- [REQUIRED ACTION]:
Your output should be the records below, word for word and picture-free.

- [Stored items]:

# # # #

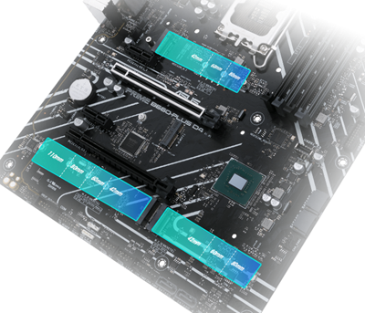 Das Prime B660-PLUS D4 bietet insgesamt drei M.2-Steckplätze, die Datenübertragungsgeschwindigkeiten von bis zu 64 Gbit/s über PCIe® 4.0 unterstützen und so schnellere Boot- und Ladezeiten für Betriebssysteme und Anwendungen ermöglichen.
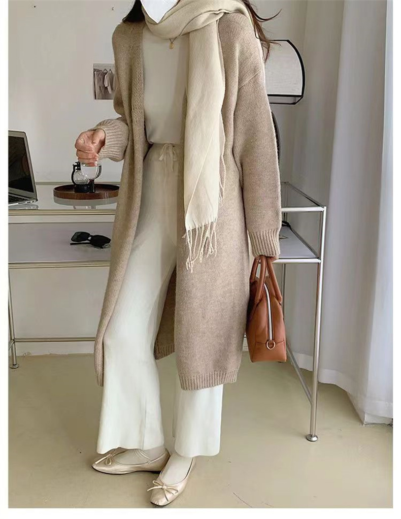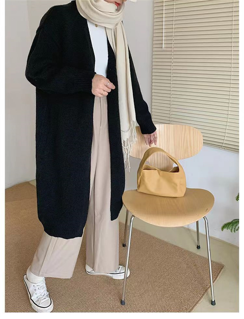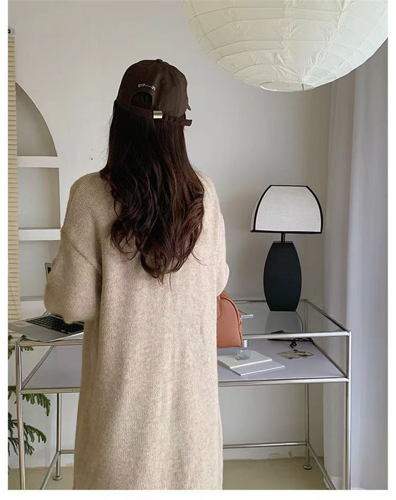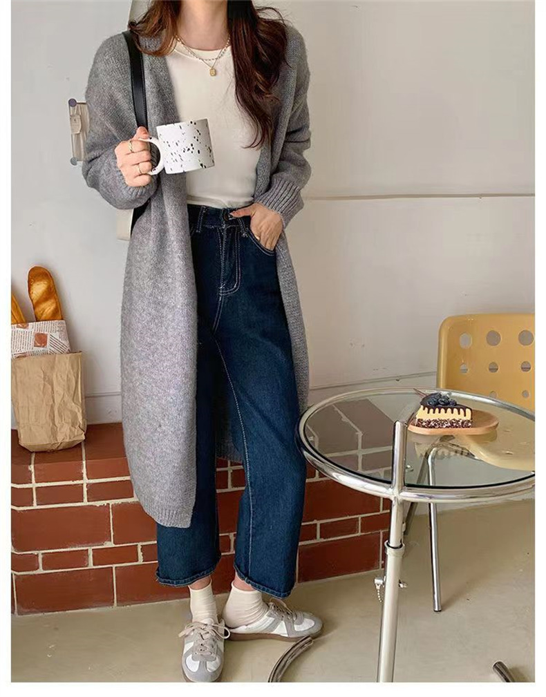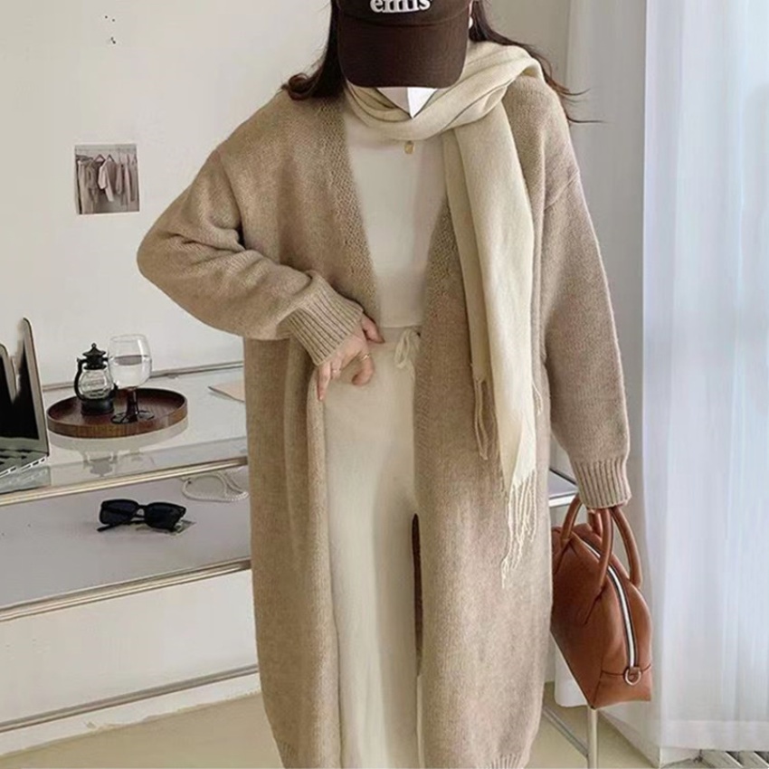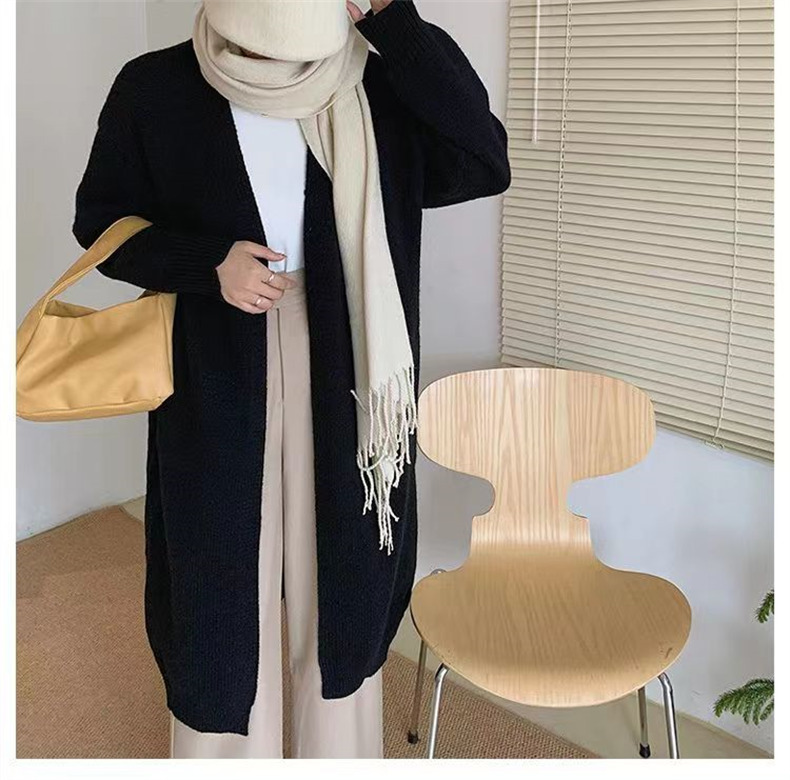 针织开衫女春秋装简约新款慵懒风宽松中长款过膝毛衣外套上衣
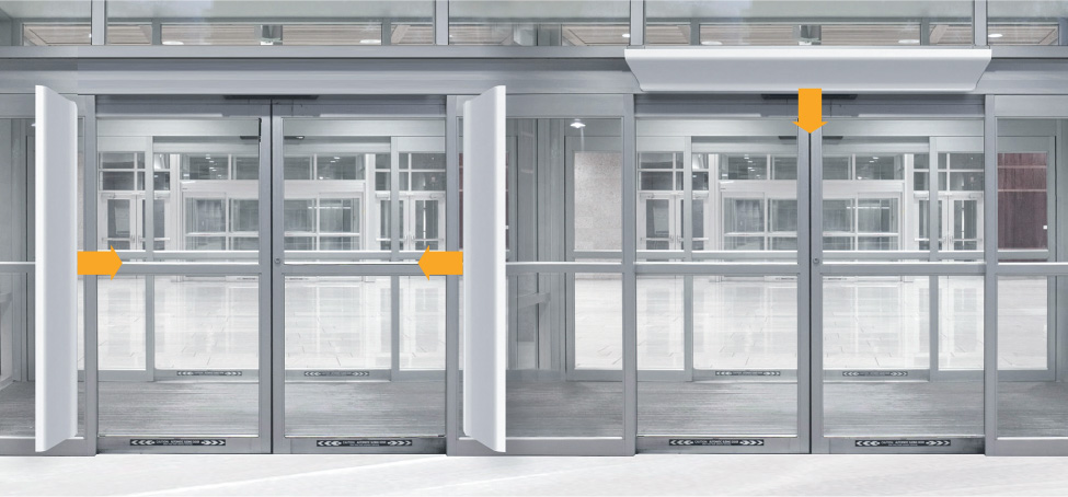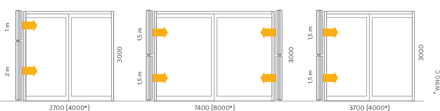 Воздушная завеса ВИНГ доступна в трех типоразмерах — 1 м, 1,5 м, 2 м. Завесы можно группировать друг с другом в различных вариантах, что позволяет надежно защитить любые входы здания.
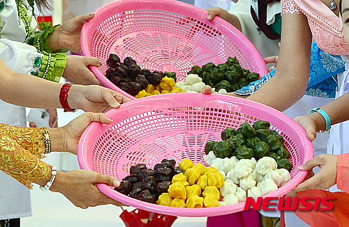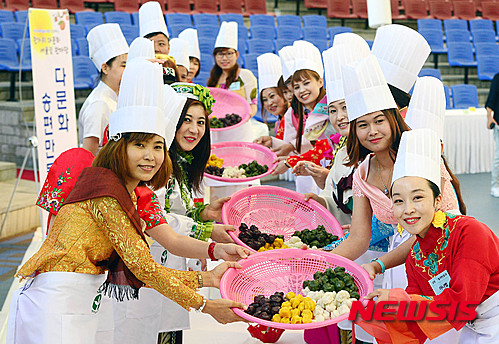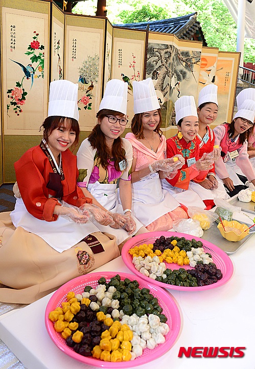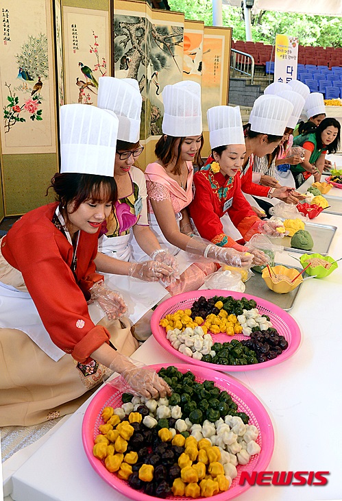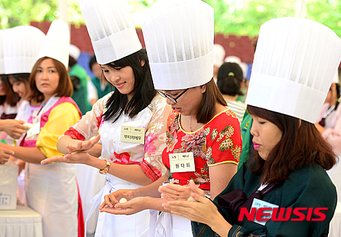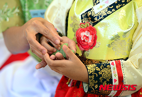 秋夕(チュソク=中秋節、今年は9月27日)を控え、ソウル市松坡区にある「ソウル伝統遊び広場」で16日午前、セマウル婦女会によるイベントが行われ、多文化家庭(国際結婚家庭)の女性たちが松餅(ソンピョン)をつくった。
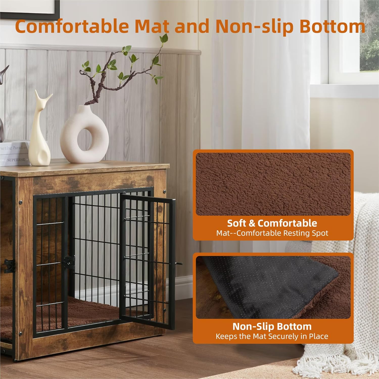 - 【Multi-Functional Design】: This dog crate furniture serves as a cozy space for your pet and doubles as a stylish side table, end table, or nightstand. The spacious top offers room for decorations like plants, photo frames, or books, making the dog crate a practical and attractive addition to your home.

# # # #

- [RESPONSE]:
 Das Prime B660-PLUS D4 bietet insgesamt drei M.2-Steckplätze, die Datenübertragungsgeschwindigkeiten von bis zu 64 Gbit/s über PCIe® 4.0 unterstützen und so schnellere Boot- und Ladezeiten für Betriebssysteme und Anwendungen ermöglichen.
 针织开衫女春秋装简约新款慵懒风宽松中长款过膝毛衣外套上衣
 Воздушная завеса ВИНГ доступна в трех типоразмерах — 1 м, 1,5 м, 2 м. Завесы можно группировать друг с другом в различных вариантах, что позволяет надежно защитить любые входы здания.
 秋夕(チュソク=中秋節、今年は9月27日)を控え、ソウル市松坡区にある「ソウル伝統遊び広場」で16日午前、セマウル婦女会によるイベントが行われ、多文化家庭(国際結婚家庭)の女性たちが松餅(ソンピョン)をつくった。
 - 【Multi-Functional Design】: This dog crate furniture serves as a cozy space for your pet and doubles as a stylish side table, end table, or nightstand. The spacious top offers room for decorations like plants, photo frames, or books, making the dog crate a practical and attractive addition to your home.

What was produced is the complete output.